# TASK STATEMENT
Retype word for word the line containing "Apple Watch 應用圖標重複此步驟。" and each line that follows it in the records below, through the last one, with no pictures.

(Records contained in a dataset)
# # #
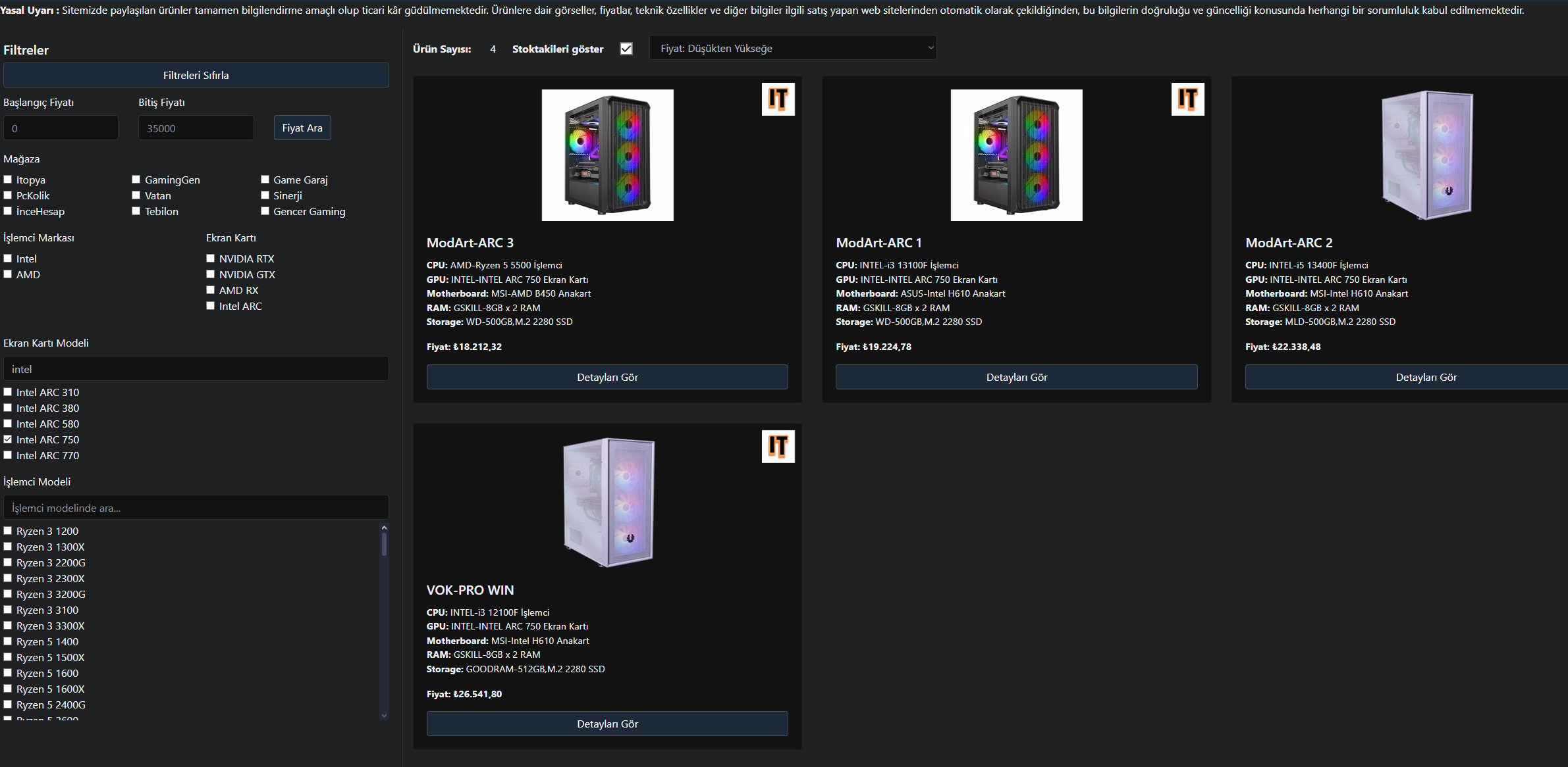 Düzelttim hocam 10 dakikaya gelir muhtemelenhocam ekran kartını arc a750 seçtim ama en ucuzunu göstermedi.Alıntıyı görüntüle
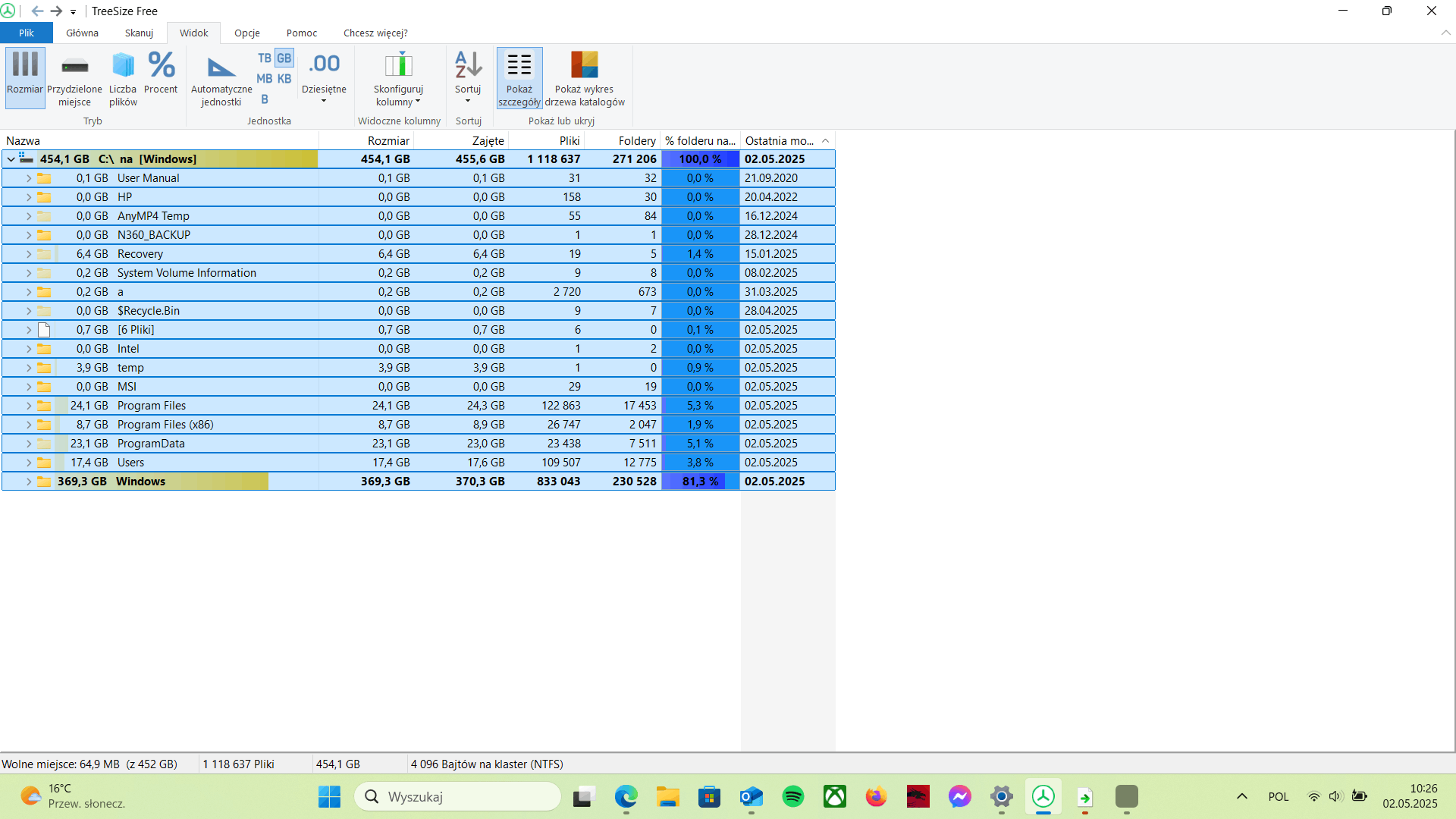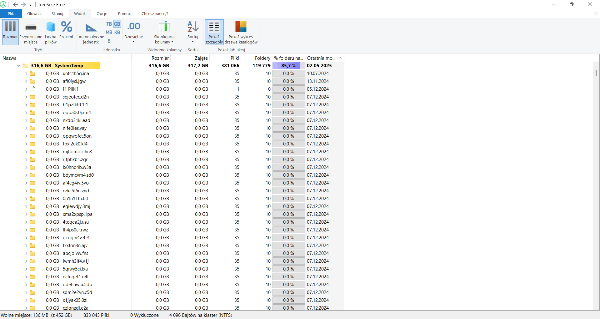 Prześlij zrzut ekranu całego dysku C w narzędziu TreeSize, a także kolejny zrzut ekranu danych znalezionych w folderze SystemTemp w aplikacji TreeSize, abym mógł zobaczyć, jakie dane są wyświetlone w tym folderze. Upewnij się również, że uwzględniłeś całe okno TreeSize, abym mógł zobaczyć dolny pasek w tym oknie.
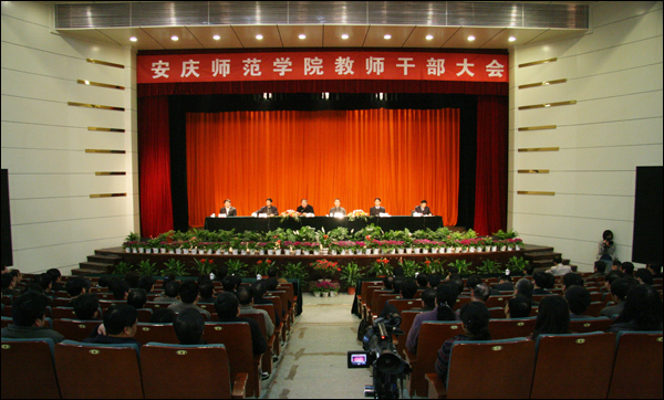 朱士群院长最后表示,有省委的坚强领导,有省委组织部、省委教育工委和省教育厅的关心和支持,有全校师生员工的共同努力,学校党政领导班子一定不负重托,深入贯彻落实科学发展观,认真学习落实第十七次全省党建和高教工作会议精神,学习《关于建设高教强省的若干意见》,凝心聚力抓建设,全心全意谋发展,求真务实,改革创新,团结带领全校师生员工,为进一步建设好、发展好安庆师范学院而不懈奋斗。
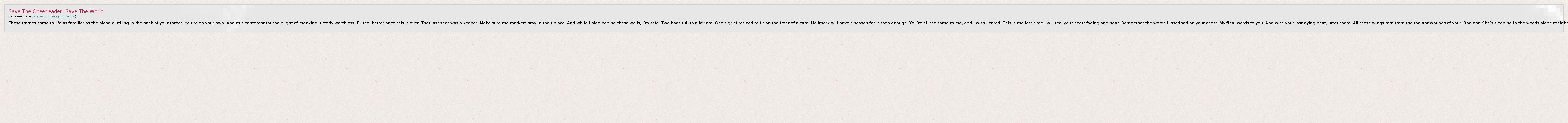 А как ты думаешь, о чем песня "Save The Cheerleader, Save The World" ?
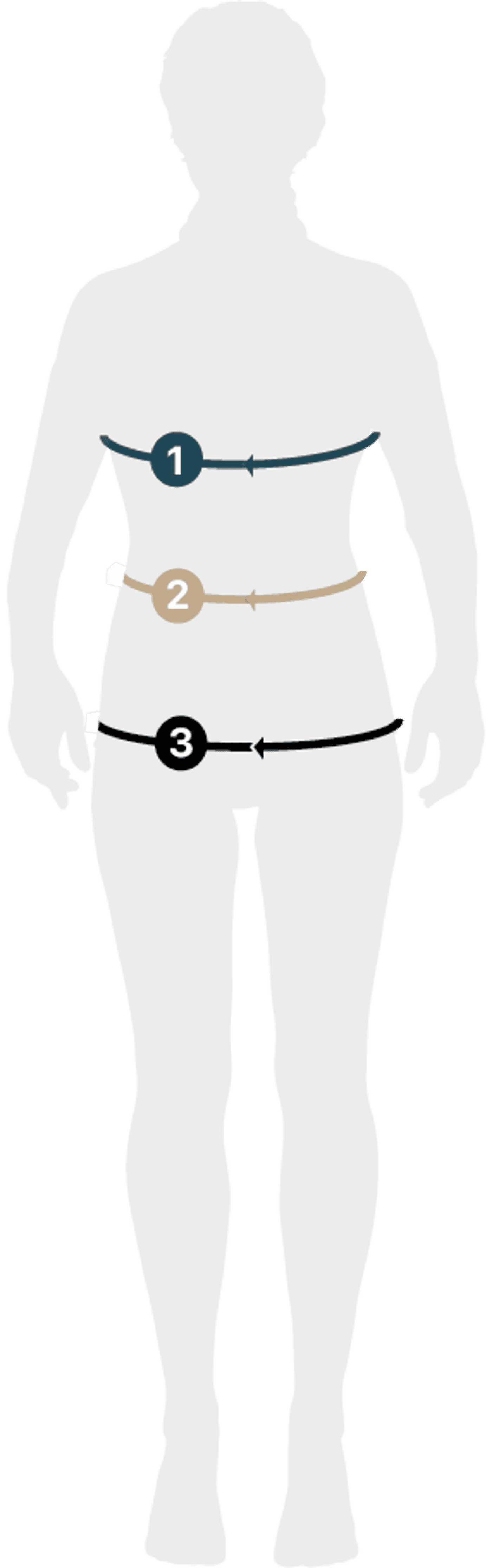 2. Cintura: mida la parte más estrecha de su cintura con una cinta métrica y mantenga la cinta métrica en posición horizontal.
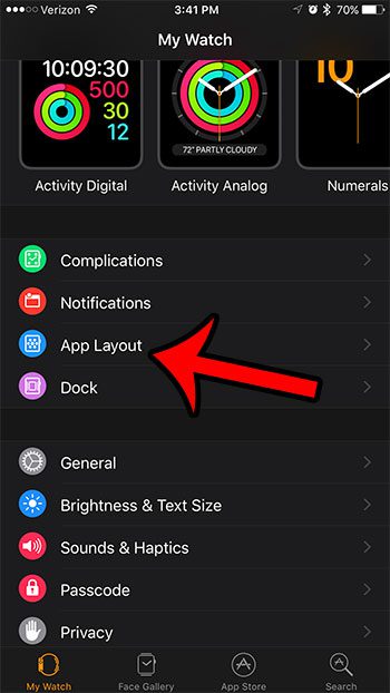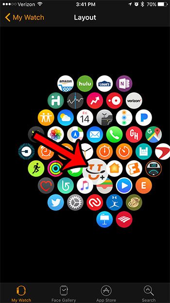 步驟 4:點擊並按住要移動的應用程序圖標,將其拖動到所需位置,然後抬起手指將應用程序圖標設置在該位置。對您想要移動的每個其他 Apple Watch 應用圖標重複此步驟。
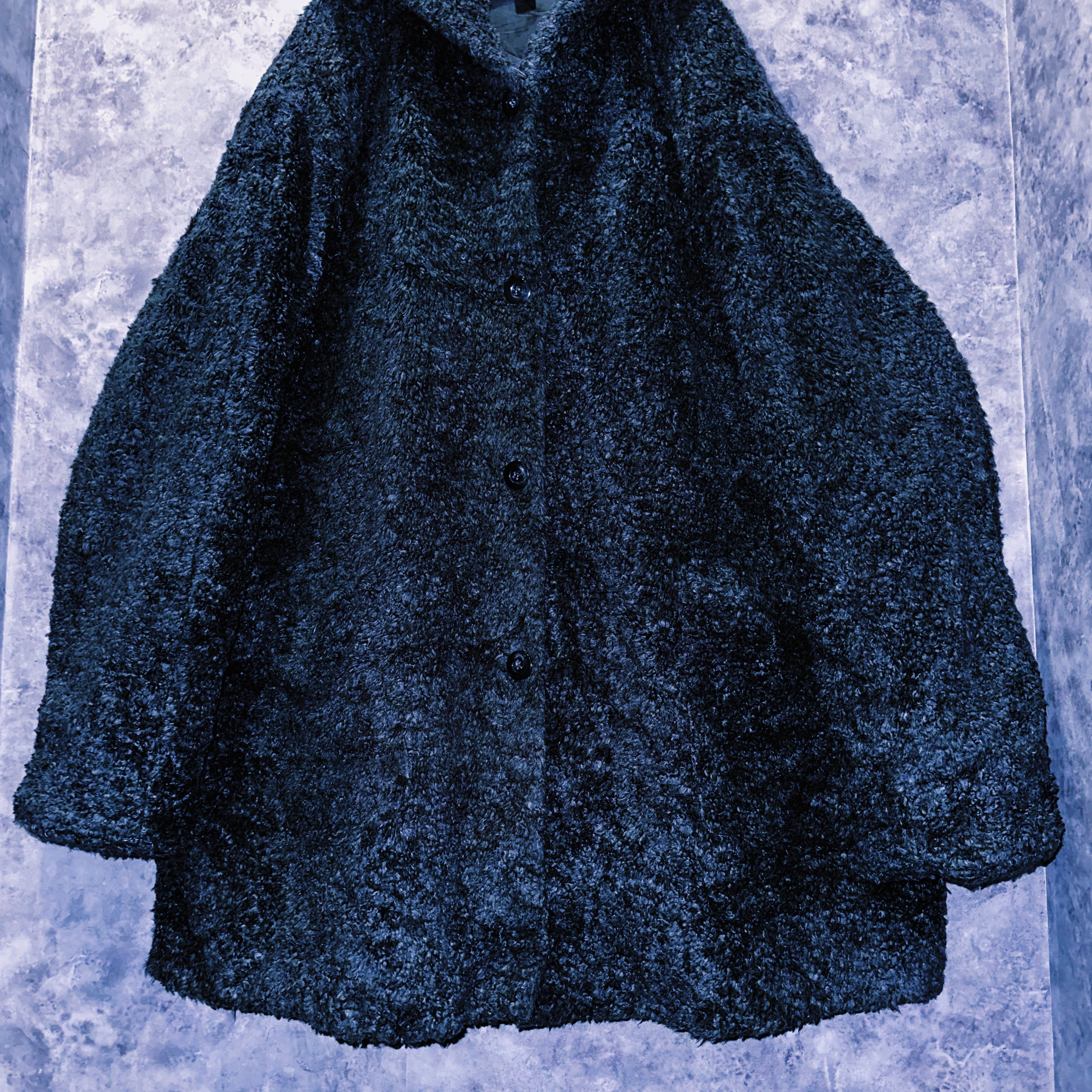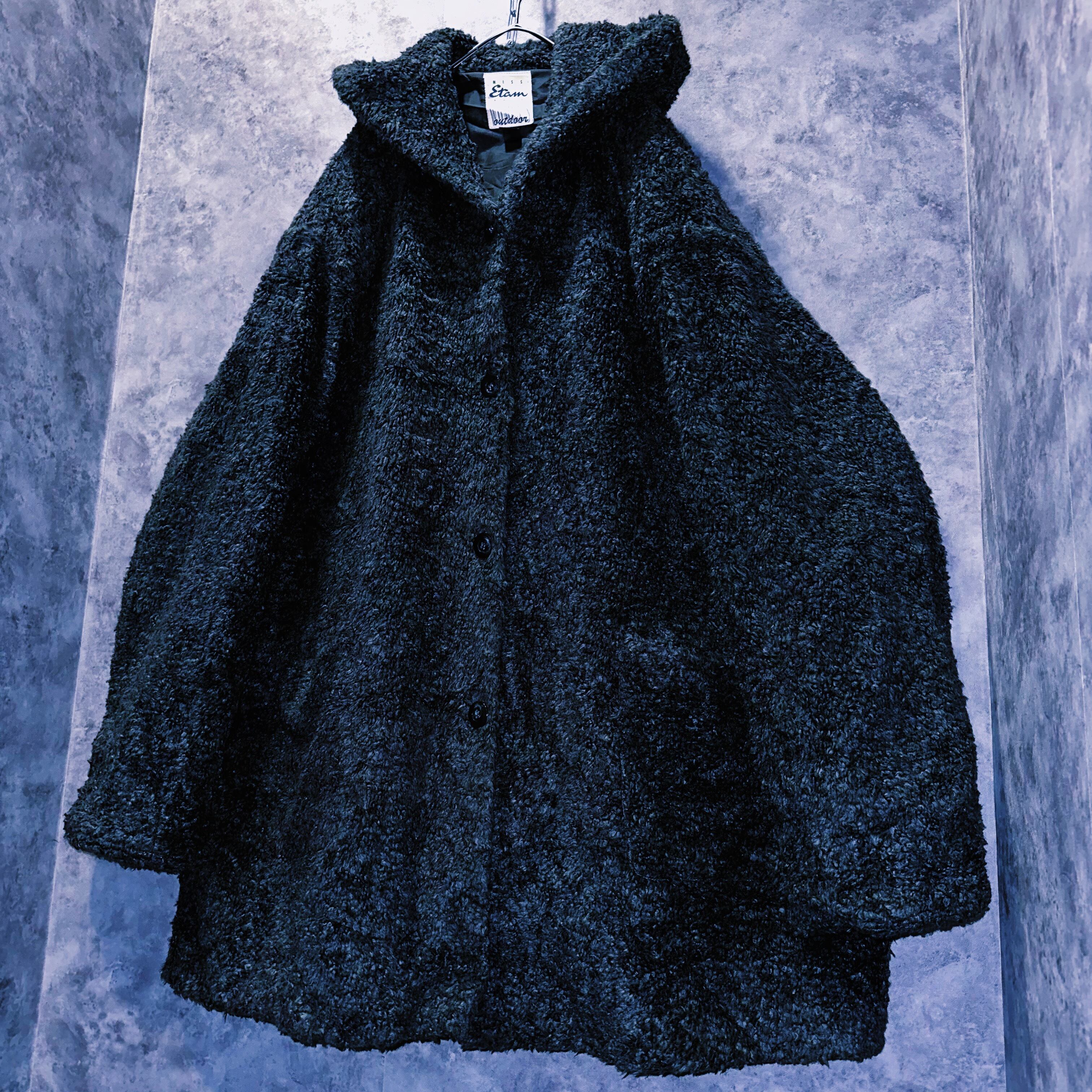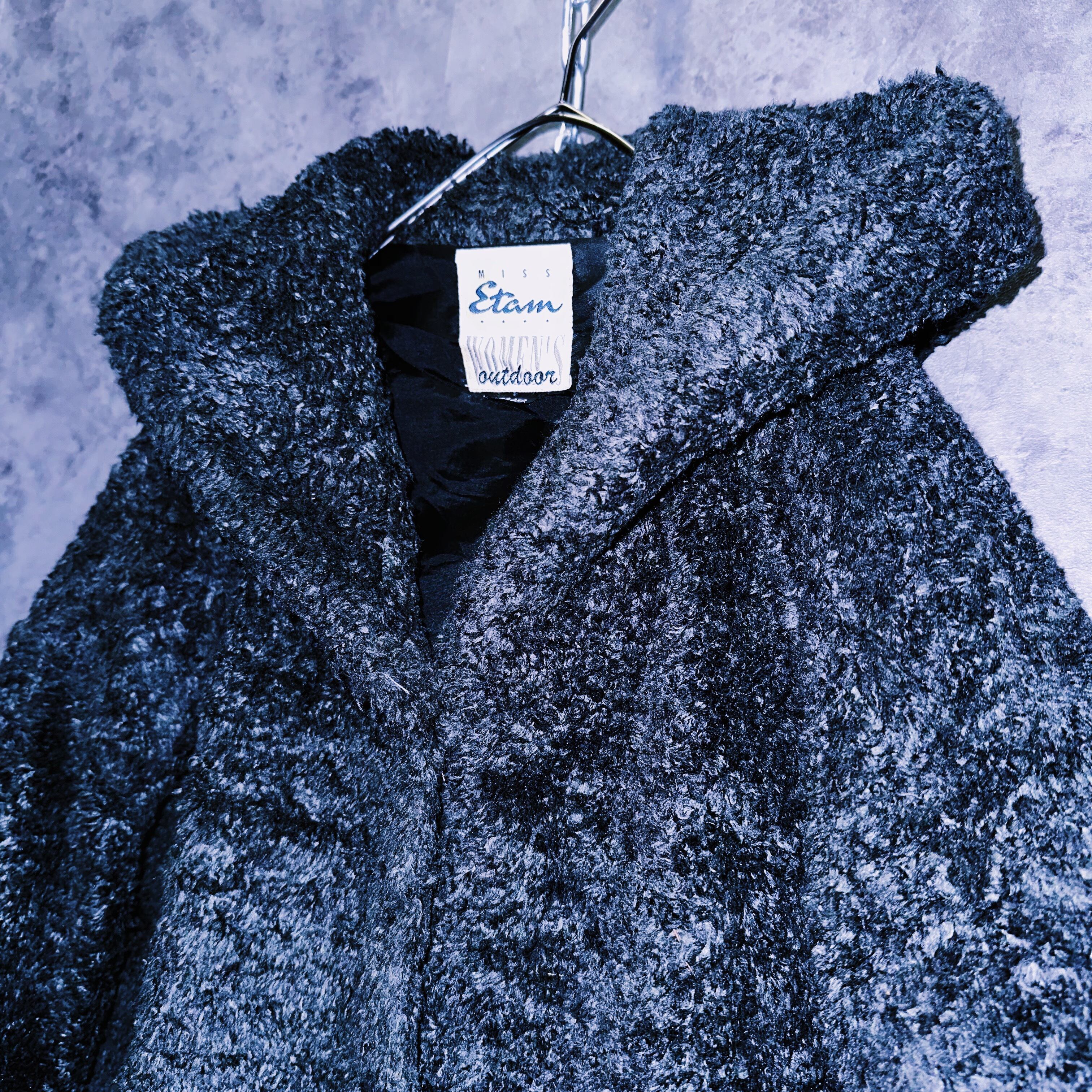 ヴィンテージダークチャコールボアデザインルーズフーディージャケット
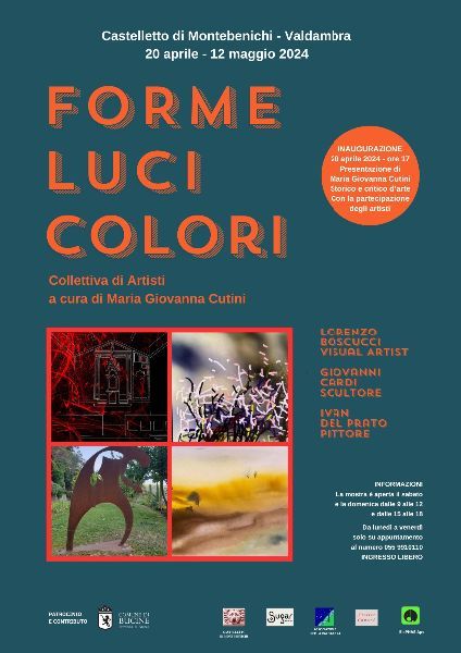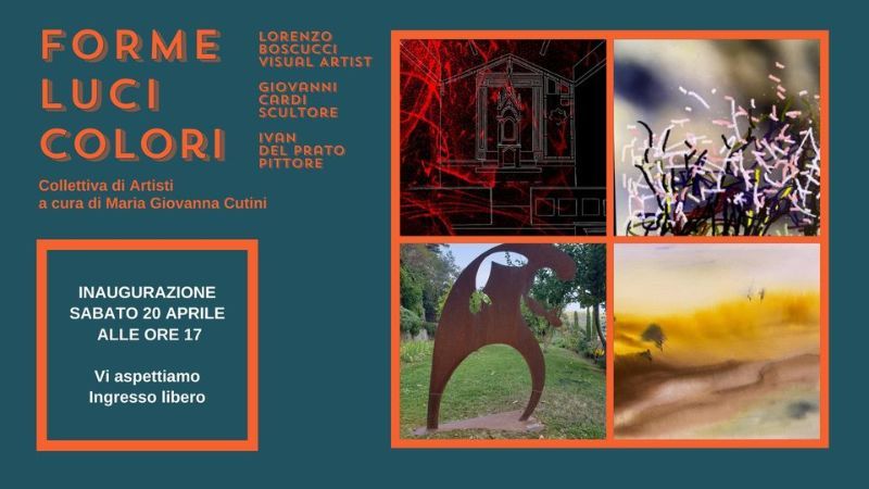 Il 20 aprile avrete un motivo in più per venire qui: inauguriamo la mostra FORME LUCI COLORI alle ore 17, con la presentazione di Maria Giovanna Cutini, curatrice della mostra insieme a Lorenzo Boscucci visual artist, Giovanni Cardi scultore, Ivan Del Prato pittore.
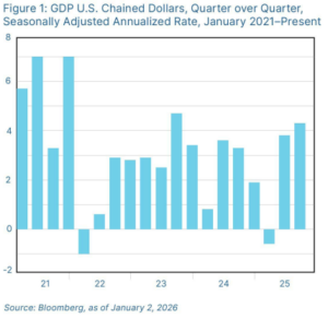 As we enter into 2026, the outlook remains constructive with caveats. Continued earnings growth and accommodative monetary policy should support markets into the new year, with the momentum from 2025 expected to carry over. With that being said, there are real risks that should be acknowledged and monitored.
# # #
# EXPECTED ANSWER
 步驟 4:點擊並按住要移動的應用程序圖標,將其拖動到所需位置,然後抬起手指將應用程序圖標設置在該位置。對您想要移動的每個其他 Apple Watch 應用圖標重複此步驟。
 ヴィンテージダークチャコールボアデザインルーズフーディージャケット
 Il 20 aprile avrete un motivo in più per venire qui: inauguriamo la mostra FORME LUCI COLORI alle ore 17, con la presentazione di Maria Giovanna Cutini, curatrice della mostra insieme a Lorenzo Boscucci visual artist, Giovanni Cardi scultore, Ivan Del Prato pittore.
 As we enter into 2026, the outlook remains constructive with caveats. Continued earnings growth and accommodative monetary policy should support markets into the new year, with the momentum from 2025 expected to carry over. With that being said, there are real risks that should be acknowledged and monitored.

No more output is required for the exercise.